Die Fahrmodi werden mit unterschiedlichen Farben in der Ambientebeleuchtung und in der Matrix untermalt.
(Foto: Holger Preiss)
Allein wenn man das Raumschiff besteigt, tritt man in eine andere Autowelt ein. Leuchtstreifen um die schwebende Mittelkonsole und in der Armatur bezirzen das Auge mit der Farbe des zuletzt gewählten Fahrmodus. Fünf stellt Renault zur Verfügung: Eco (grün), Neutral (blau), Komfort (violett), Sport (rot) und Individual (nach Wunsch). Doch bevor wir weiter in Farbe und Form des Franzosen schwelgen, sehen wir uns die Fahrmodi etwas genauer an und vor allem wie sie in dem von einem 1,6 Liter Diesel befeuerten Wagen wirken.
Die wohl augenfälligste Spreizung erfährt das Fahrverhalten zwischen Sport und Komfort. Während das Lounge-Programm für ein sehr weiches Ausfedern sorgt, bewirkt das Sportprogramm genau das Gegenteil. Es strafft Federung und Gaskennlinie und macht den Sound des 160 PS starken Selbstzünders deutlich aggressiver. Ob man das mag, dürfte individuell recht unterschiedlich sein. Keine Fragen sollte aber der Wechsel zwischen den beiden Programmen aufwerfen, wenn es über mit Bodenwellen gespickte Landstraßen geht. Hier schaukelt sich das Raumschiff im Komfort-Modus so zurecht, dass die Insassen den Eindruck gewinnen in einen Meteoritensturm geraten zu sein. Will der Pilot wieder Ruhe ins Schiff bringen, sollte er zwingend auf Normal oder Sport schalten. Zumal das Handling gerade bei häufigen Lastwechseln einfach besser ist. Die Lenkung arbeitet zwar ausreichend präzise und bietet ausreichende Rückstellkräfte, aber der Espace ist schon sehr lang und mit einem Radstand von 2,88 Meter kein wirklicher Kurvenräuber.
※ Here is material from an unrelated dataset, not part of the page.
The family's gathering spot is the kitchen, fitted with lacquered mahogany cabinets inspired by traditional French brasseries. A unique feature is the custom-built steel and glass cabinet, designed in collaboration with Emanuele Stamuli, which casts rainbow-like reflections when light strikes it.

Indifferentes Ansprechverhalten
Schade ist, dass auch der Sportmodus es nicht vermag, dass etwas indifferente Ansprechverhalten des Gaspedals in den Griff zu bekommen. Wer gewillt ist an der Kreuzung den schnellen Start zu proben, wird von einem großen Loch enttäuscht. Denn selbst wenn der rechte Fuß das Gaspedal schon tief ins Blech presst, nimmt sich der Turbo Zeit, bevor die Druckwelle nach vorn geht und die 380 Newtonmeter Drehmoment bereitgestellt werden, um den 1,7 Tonnen schweren Espace anzuschieben. Laut Datenblatt sind sie bereits ab 1750 Kurbelwellenumdrehungen vorhanden, spürbar werden sie aber erst knapp unter der 3000. Ähnlich phänomenal reagiert der Turbo bei leichtem Gasfuß, wenn man das Pedal streichelt, um den 4,86 Meter langen Van in eine Parklücke zu schieben. Trotz größter Vorsicht ruckt der Wagen wie ein bockiges Zicklein plötzlich an, wenn der Turbo mit Luft gefüllt ist.
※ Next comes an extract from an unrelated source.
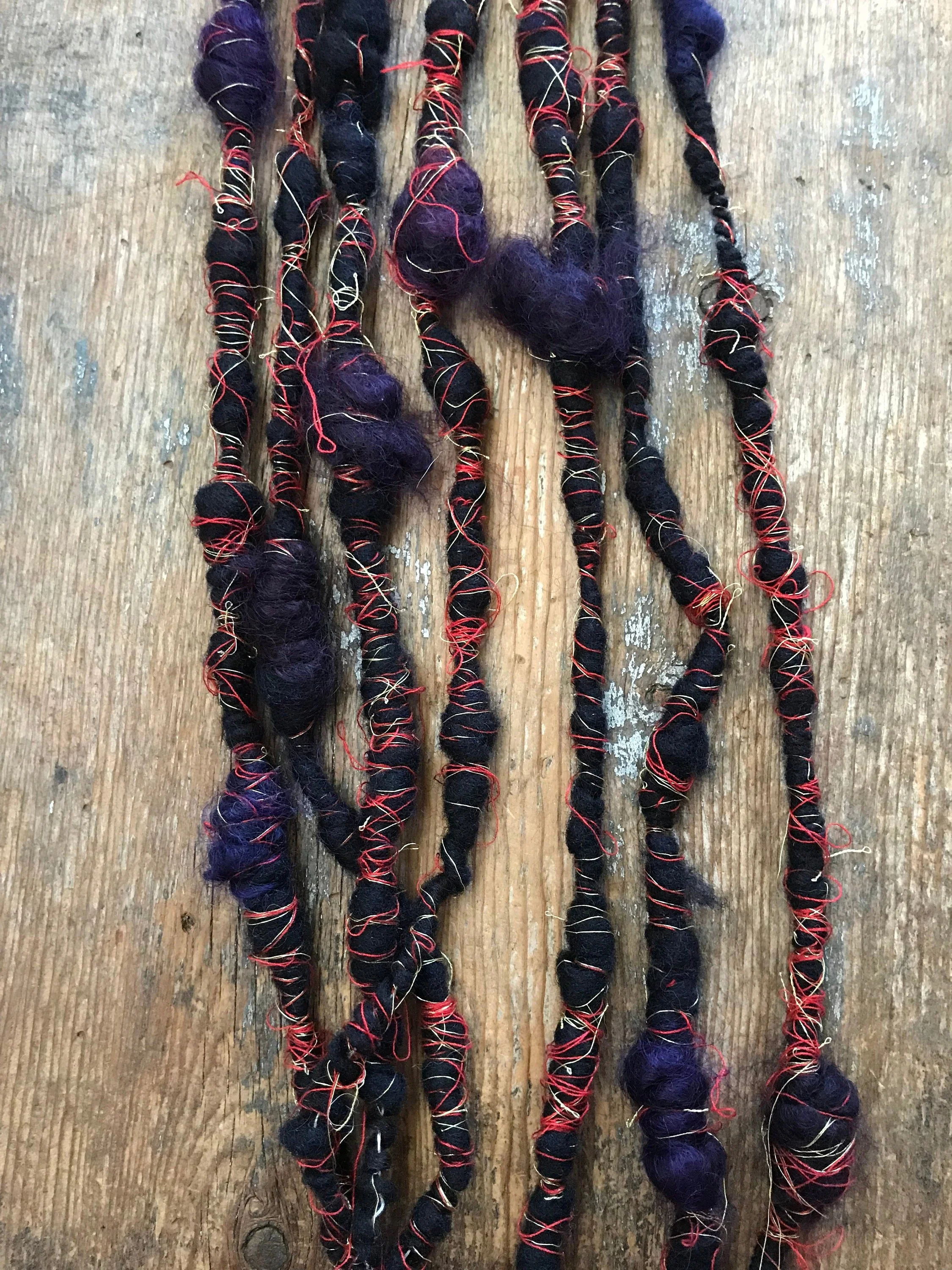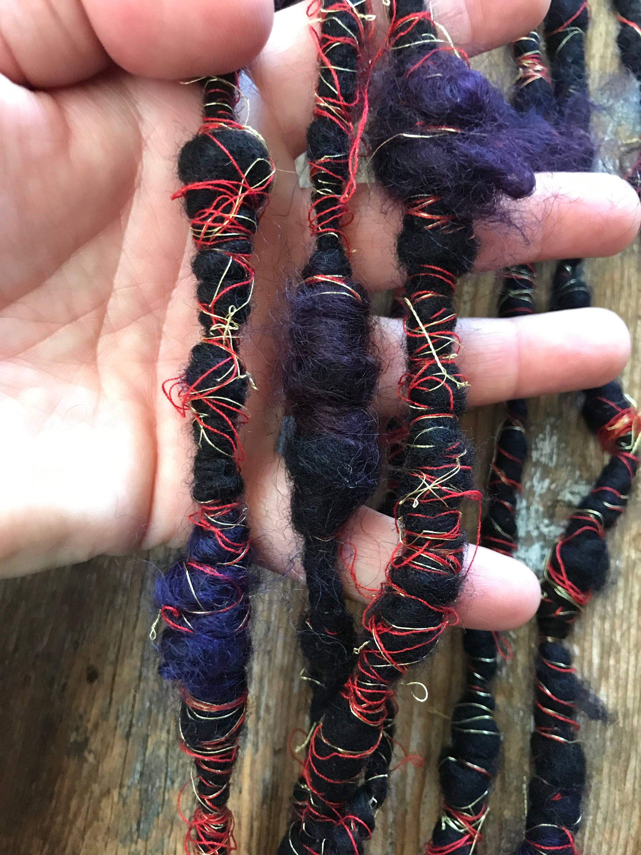 Golden Plum - 4 yards wrapped bulky art yarn coils

Das Ledergestühl mit Massagefunktion auf den vorderen Plätzen lässt im Renault Espace keine Wünsche offen.
(Foto: Holger Preiss)
Die Paradedisziplin des französischen Raumwunders ist aber mit Sicherheit die Langstrecke. Auf Autobahnen gleitet er, die sechs Stufen des Doppelkupplungsgetriebes sanft ausrollend, bis zu einer Geschwindigkeit von 200 km/h geräuscharm dahin und selbst der Common-Rail-Diesel singt sehr leise sein raues Lied und genehmigt sich im Schnitt 7,4 Liter. Hier macht sich auch der Komfortmodus bezahlt, lediglich die großen 19-Zoll-Räder – die den Espace wuchtig und dennoch dynamisch dastehen lassen – geben ab und zu Rückmeldung über die eine oder andere Querfuge.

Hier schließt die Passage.